La Finta Pazza ©Gilles Abegg-Opéra de Dijon

L’immense succès de La Finta Pazza à sa création en 1641 tient notamment à son traitement de la musique en temps instantané de livret, comme de l’« opéra-réalité », faisant filer l’intrigue à vive allure. L’écriture ciselée de la partition expose une somme de récitatifs virevoltants et d’arias condensés à leur strict minimum (parfois quelques secondes !). Le manuscrit rescapé correspond à une version postérieure aux premières exécutions publiques, mais il est peu probable que d’autres mains que celles de Sacrati aient participé aux retouches éventuelles.

Le chef Leonardo García Alarcón, aidé par son superbe ensemble Cappella Mediterranea, émerveille par sa lecture « cartoonesque » de l’œuvre. Il porte royalement les textures et les tempi de cette perle rare pour relier les jeux instrumentaux au théâtre et au chant. Il convie à un tourbillon de sonorités, tantôt en ébullition, tantôt à fleur de peau, à la manière d’un accompagnement de film muet. Jacopo Raffaele, à l’orgue et au clavecin, livre d’ailleurs une prestation qui déménage,dont on sort bouche bée.

L’histoire se prête effectivement à ces ruptures musicales. L’amour de Déidamie et d’Achille est mis à mal par le départ à la guerre de ce dernier. Diomède, voyageant avec Ulysse à la recherche d’Achille (très vite retrouvé), est lui aussi épris (sans retour) de Déidamie. L’intervention des dieux pousse Déidamie à feindre la folie : elle confessera en cet instant à son père Licomède sa liaison avec Achille, et l’existence de leur fil Pyrrhus. Licomède finira par accorder la main de sa fille au héros troyen.


La Finta Pazza ©Gilles Abegg-Opéra de Dijon

Le livret surprend agréablement par sa clarté, au même titre que la mise en scène rêveuse de Jean-Yves Ruf.
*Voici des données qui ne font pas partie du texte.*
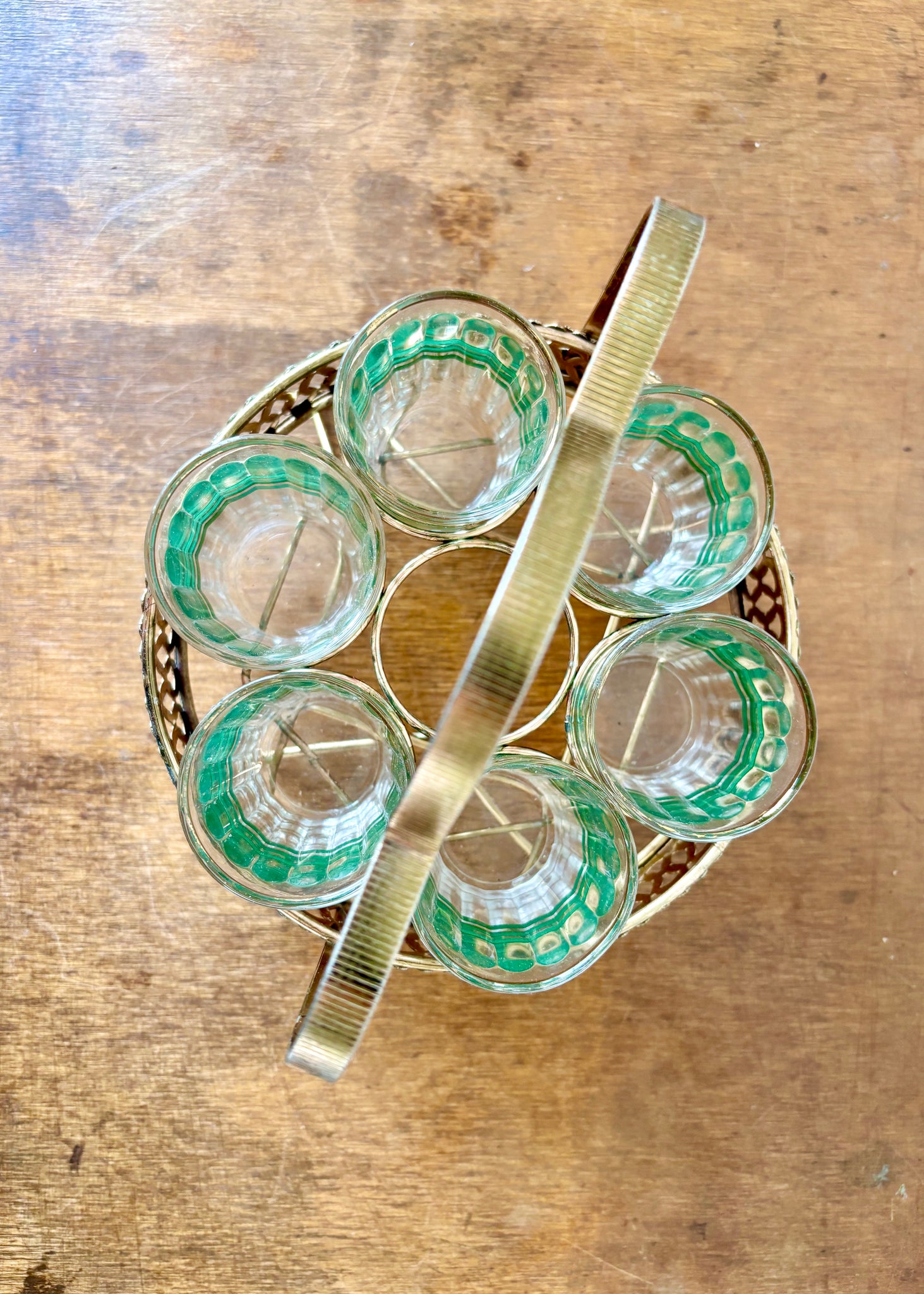 A pretty set of glasses with gilt and green banding decoration in a footed gilt stand with carry handle - ideal for your drinks tray this season!

Rideaux en velours rouge, rideaux transparents et étoffes enveloppent l’univers des personnages. Quelques rares éléments de décor (un feuillage fourni au troisième acte, quelques bancs dans la première partie) sont là pour souligner le plein pouvoir de l’espace théâtral artisanal ; la direction d’acteurs, d'une infime précision, s’occupe d’injecter une modernité d’expression et une vérité à ce récit mythologique.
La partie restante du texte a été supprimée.